▶ _WORK ITEM_
A verbatim copy is needed of the lines below from the one containing "2月18日,牛年的第一个工作" up to and including the one containing "КРАСИВЫЙ СТИЛОБАТ С", excluding pictures.

▶ _SUPPLIED RECORDS_
■ ■ ■
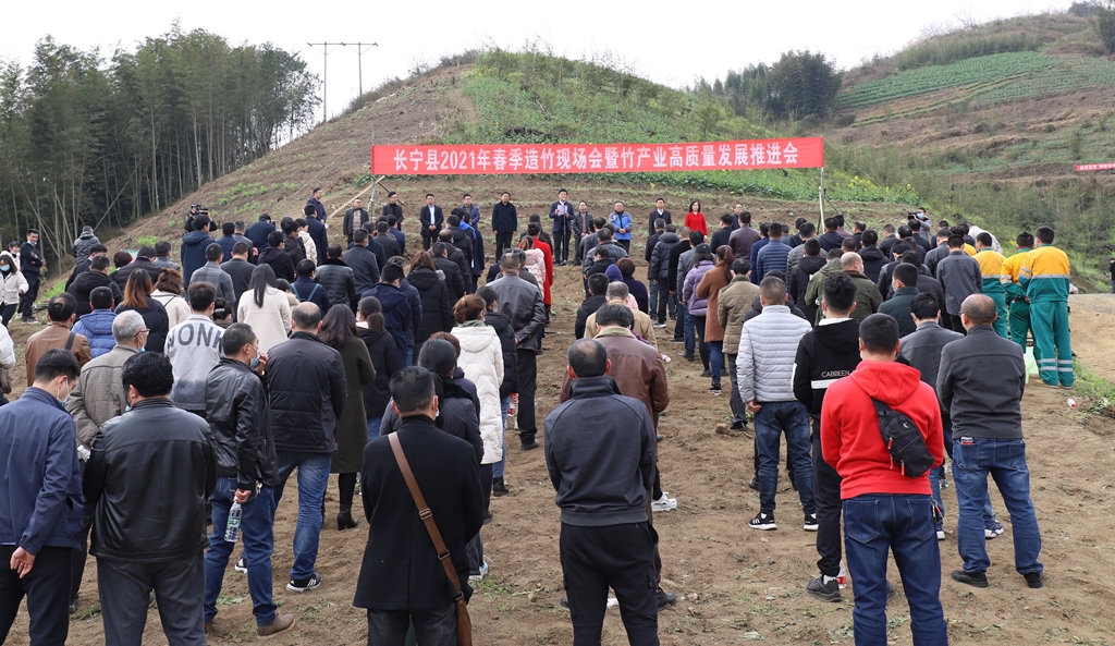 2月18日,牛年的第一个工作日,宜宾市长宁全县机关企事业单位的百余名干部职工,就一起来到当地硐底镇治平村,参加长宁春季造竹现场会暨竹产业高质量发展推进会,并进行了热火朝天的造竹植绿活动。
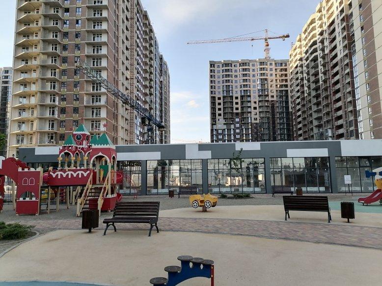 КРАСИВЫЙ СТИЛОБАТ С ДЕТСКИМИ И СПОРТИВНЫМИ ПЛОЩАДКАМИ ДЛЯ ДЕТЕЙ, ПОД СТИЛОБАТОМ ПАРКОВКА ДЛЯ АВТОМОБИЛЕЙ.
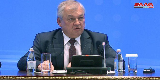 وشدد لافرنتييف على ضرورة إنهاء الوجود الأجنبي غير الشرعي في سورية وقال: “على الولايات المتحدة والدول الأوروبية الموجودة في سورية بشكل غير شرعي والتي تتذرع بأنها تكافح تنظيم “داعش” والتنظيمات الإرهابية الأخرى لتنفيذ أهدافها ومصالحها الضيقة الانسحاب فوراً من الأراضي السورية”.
■ ■ ■
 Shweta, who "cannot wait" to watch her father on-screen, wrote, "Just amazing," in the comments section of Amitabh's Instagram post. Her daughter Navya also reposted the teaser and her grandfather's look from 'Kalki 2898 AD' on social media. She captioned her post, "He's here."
■ ■ ■
▶ _ANSWER SPACE_
 2月18日,牛年的第一个工作日,宜宾市长宁全县机关企事业单位的百余名干部职工,就一起来到当地硐底镇治平村,参加长宁春季造竹现场会暨竹产业高质量发展推进会,并进行了热火朝天的造竹植绿活动。
 КРАСИВЫЙ СТИЛОБАТ С ДЕТСКИМИ И СПОРТИВНЫМИ ПЛОЩАДКАМИ ДЛЯ ДЕТЕЙ, ПОД СТИЛОБАТОМ ПАРКОВКА ДЛЯ АВТОМОБИЛЕЙ.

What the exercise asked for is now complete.